The routine will take some time to run (typically between 10 seconds and 2 minutes, depending on the size of the dataset and the speed of your computer). When it completes, it shows the results in a Viewer window, as shown in the screenshot below. The Viewer shows the amplitude or power for each band, separately for each channel. These values can be exported to either a Matlab data file or an Excel spreadsheet.
If you see a value of NaN in the Viewer, this usually means that the corresponding frequency band is not valid for the current dataset. In particular, the maximum frequency is 1/2 the sampling rate (e.g., 128 Hz if your sampling rate was 256 Hz).
This can be a lot of information, so we provide two options for highlighting extreme values. If you check the Color heat map box, each cell of the table will be color-coded according to the amplitude or power of that cell. If you check the Outliers button, any cells that are more than X standard deviations from the mean for that band will be highlighted. (The default for X is 2, but you can adjust this with the text box.)
You can also plot the amplitude or power for each individual frequency within a selected band, as shown in the screenshot below. First, select one or more channels from a single frequency band. Then click the Plot button to see a graph of amplitude or power over the frequencies within that band (averaged over the selected channels).

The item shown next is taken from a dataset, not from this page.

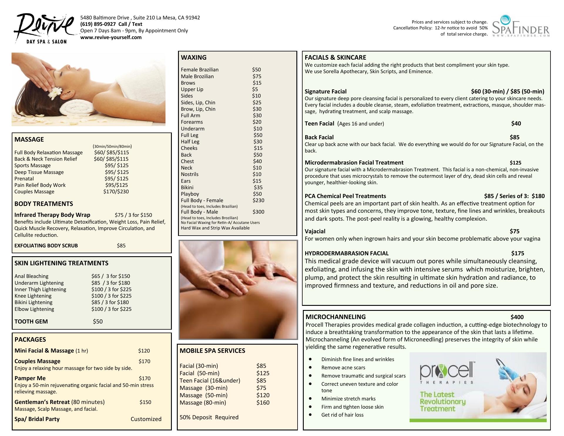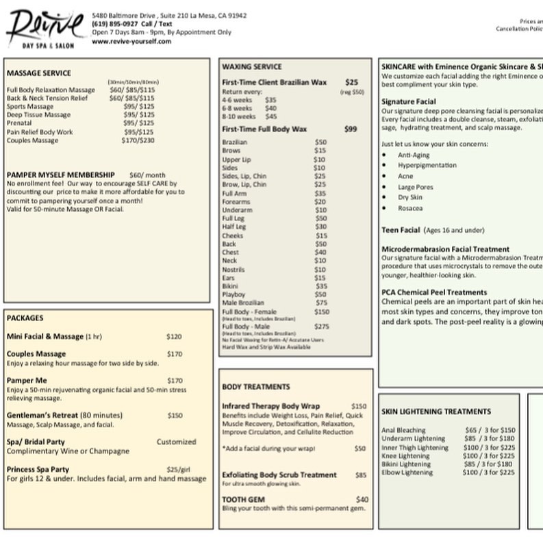 I love coming to this place! Jenna gives great facials, and I book regularly. She is knowledgeable and friendly too. Prices are resonable, and Revive Day Spa offers many time slots for appointments, more than most. I highly recommend! Thank Revive Day Spa for all you do!
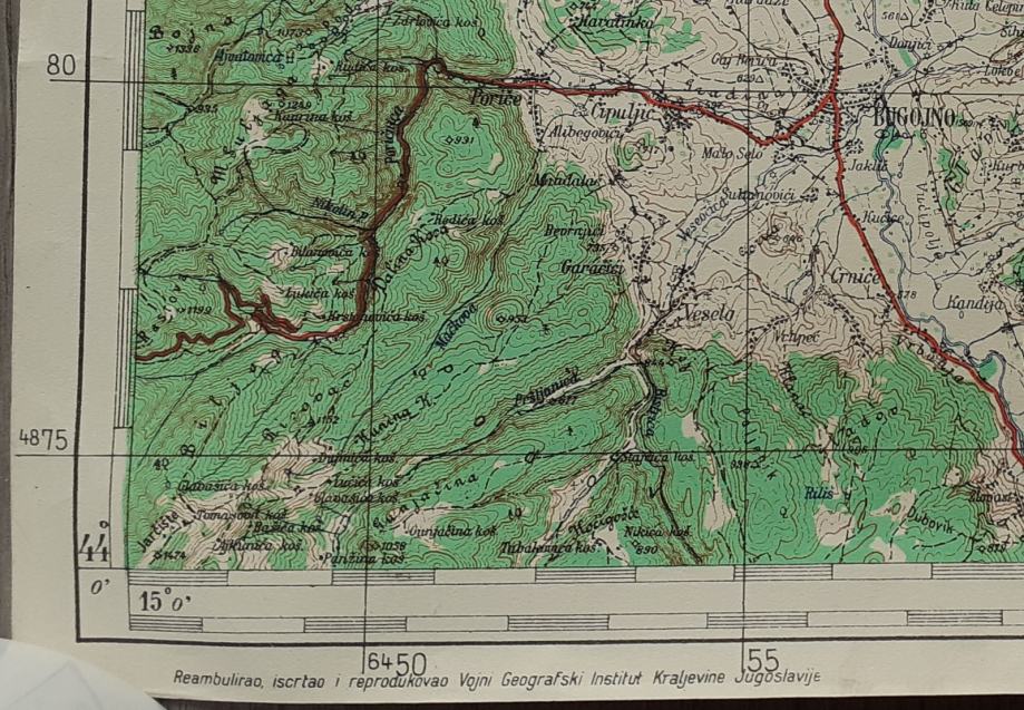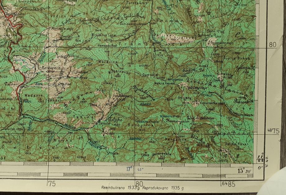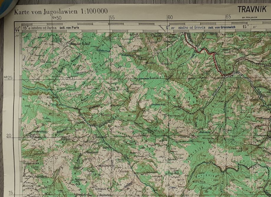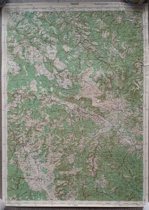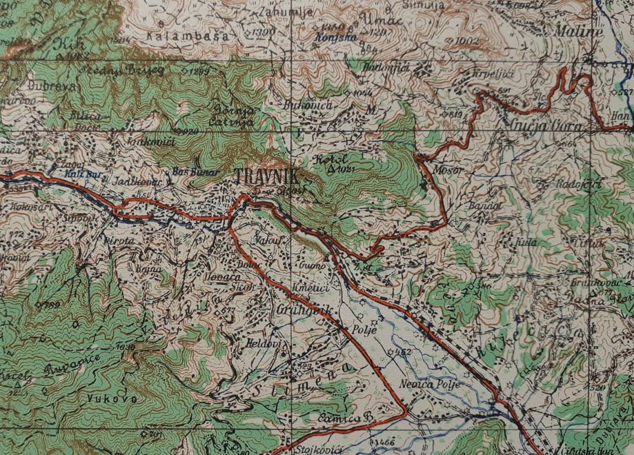 topografska karta Travnika i regije iz 1935.godine u mjerilu 1:100000

This routine returns the averaged single-sided amplitude of frequency bands via Fast Fourier Transform from ~5-second epochs of the continuous EEG. The windows are created and randomly selected from a random 20% of the 5-second windows to increase speed. A fixed seed is used for selecting the random set of windows so that the results will be the same if the routine is run multiple times. An FFT is run on each window, and then the average of the FFTs is computed. This yields much more precise values that computing the FFT of a single long epoch.
Note that an FFT requires that the number of time points is a power of 2. The actual epoch length is the closest value to 5 seconds that can be achieved with this constraint.
[EEG, fft_out] = pop_continuousFFT( EEG, 'ChannelIndex', 1:64, 'Frequencies', [ 0 3; 3 8; 8 12; 8 30; 30 48; 49 51; 59 61; 0 250], 'FrequencyLabel',... {'delta' 'theta' 'alpha' 'beta' 'gamma' '60hz-noise' '70hz-noise' 'broadband' }, 'PercentRandom', 20, 'viewGUI',... 'true' );
Note that the script version allows you to specify the percentage of 5-second segments to use. It also includes a 'NumberOfPointsFFT' option that allows you to change the length of the window (expressed as the number of sample points rather than the number of seconds). For example, with a sampling rate of 500 Hz, you would specify 2500 points to get a 5-second epoch length. The routine will automatically round to the closest power of two (which would be 2^11 or 2048 points if you specify 2500 points as the epoch length).